Steve Wormith

Profile
- Position: Running back

Personal information
- Born: December 16, 1946 Sarnia, Ontario, Canada
- Died: March 28, 2019 (aged 72) Saskatoon, Saskatchewan, Canada
- Listed height: 6 ft 0 in (1.83 m)
- Listed weight: 200 lb (91 kg)

Career information
- College: Brown University

Career history
- 1970: Montreal Alouettes

Awards and highlights
- Grey Cup champion (1970);

= Steve Wormith =

Canadian gridiron football player (1946–2019)

J. Stephen Wormith (December 16, 1946 – March 28, 2019) was a Canadian professional football player for the Montreal Alouettes of the Canadian Football League. He was part of the Grey Cup-winning team in 1970.

== Career ==
Wormith may be one of the most unique Grey Cup champions in the history of the CFL. His name is engraved on the Cup for the 1970 season, but he never played a single official regular season or playoff game. He won the Cup as a player without ever playing a down of Canadian professional football.

Having graduated from Brown University and starring on their football team for 3 years, Wormith was signed by the Ottawa Rough Riders in 1969. He was cut from the team during training camp and played football at Carleton University, where he was studying for his Master's Degree.

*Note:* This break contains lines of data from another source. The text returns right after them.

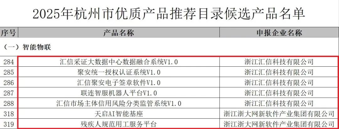 近日,杭州市经济和信息化局(杭州市数字经济局)公布了《2025年杭州市优质产品推荐目录》,浙大网新以卓越的技术实力再获权威认可,公司旗下天启AI智能基座、残疾人规范用工服务平台、汇信采证大数据中心数据融合系统V1.0、聚安统一授权认证系统V1.0等共计7项产品荣登智能物联系列榜单。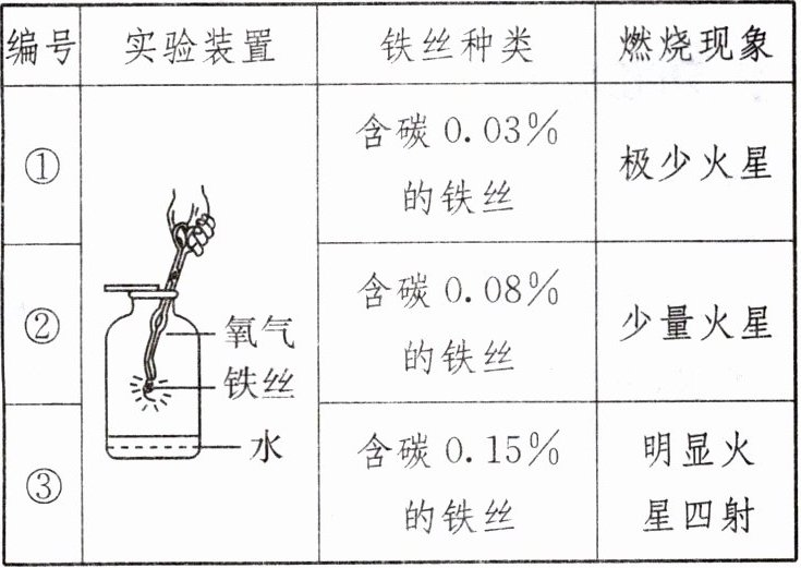 |②|氧气铁丝水|含碳0.08%的铁丝|少量火星|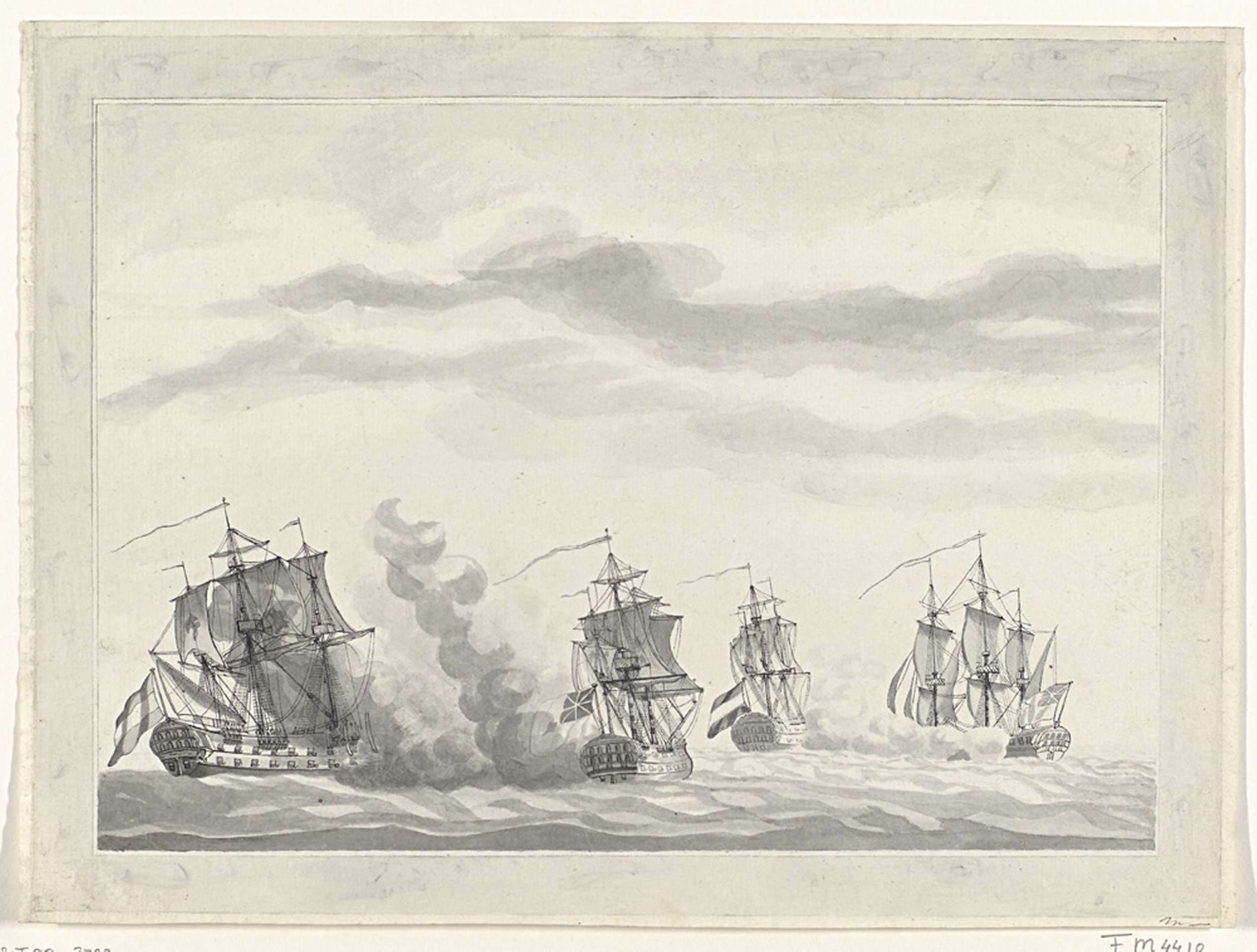 Zeegevecht bij Cadiz tussen twee Nederlandse fregatten Castor en Den Briel en twee Engelse fregatten Flora en Crescent, 30 mei 1781. De vier schepen aan het begin van het gevecht.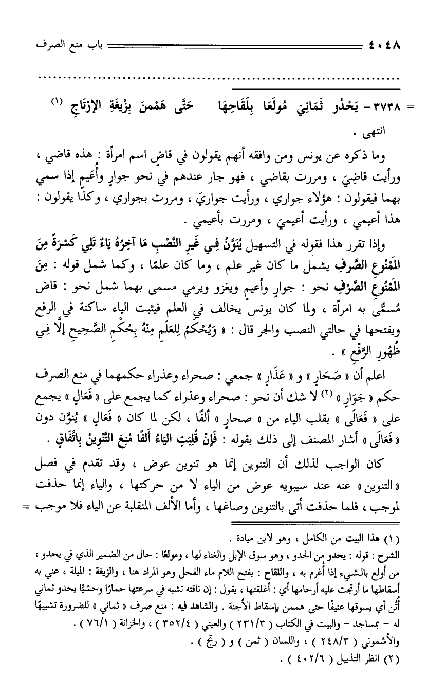 وما ذكره عن يونس ومن وافقه أنهم يقولون في قاض اسم امرأة: هذه قاضي، ورأيت قاضي، ومررت بقاضي، فهو جار عندهم في نحو جوار وأعيم إذا سمي بهما فيقولون: هؤلاء جواري، ورأيت جواري، ومررت بجواري، وكذا يقولون: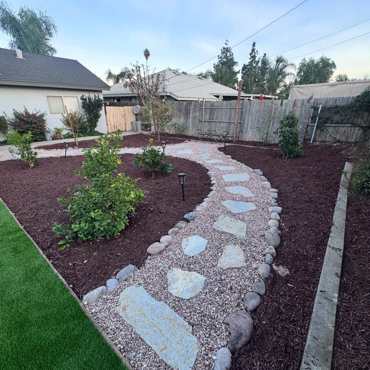 A winding stone pathway cuts through the backyard, leading your eyes past tidy garden beds. Smooth, large flagstones sit amidst smaller pebbles, bordered by a neat line of river rocks. Each turn feels intentional, guiding you smoothly from one side to the other.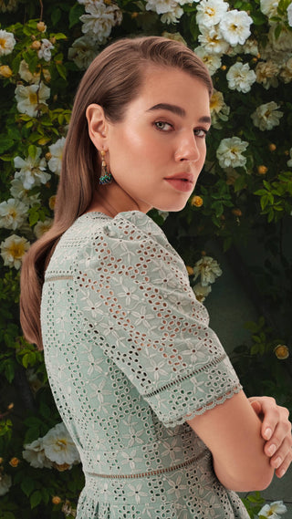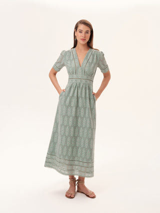 The Lisbon V-Neck Short Sleeve Dress in Sage Green Cotton Eyelet: Artisanal Sage Green Midi Dress for Women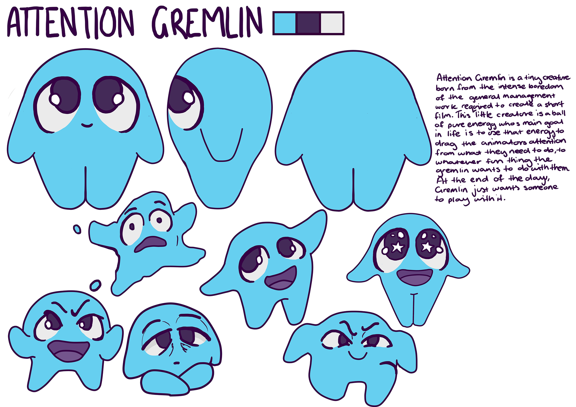 As an animation student, I get to follow my ideas to create projects I am passionate about. Despite this, there is much of the work that I would prefer not to do and struggle to complete without getting distracted. Attention Gremlin is a short film about the struggles with the wandering thoughts and concentration issues when completing the most boring and unappealing tasks required to complete university projects.

Wormith was signed by the Montreal Alouettes in 1970 but injured his knee and was put on the injury reserve list for the season. As a team member, he qualified as a Grey Cup champion. He returned to the Larks in 1971, but was cut during training camp.

He later completed his PhD at the University of Ottawa. He was the Chair of Forensic Psychology, in the Psychology Department, University of Saskatchewan. Formerly, he was Psychologist-in-Chief for the Ontario Ministry of Community Safety and Correctional Services and Deputy Superintendent (Treatment) at Rideau Correctional and Treatment Centre. He died of cancer in 2019 in Saskatoon.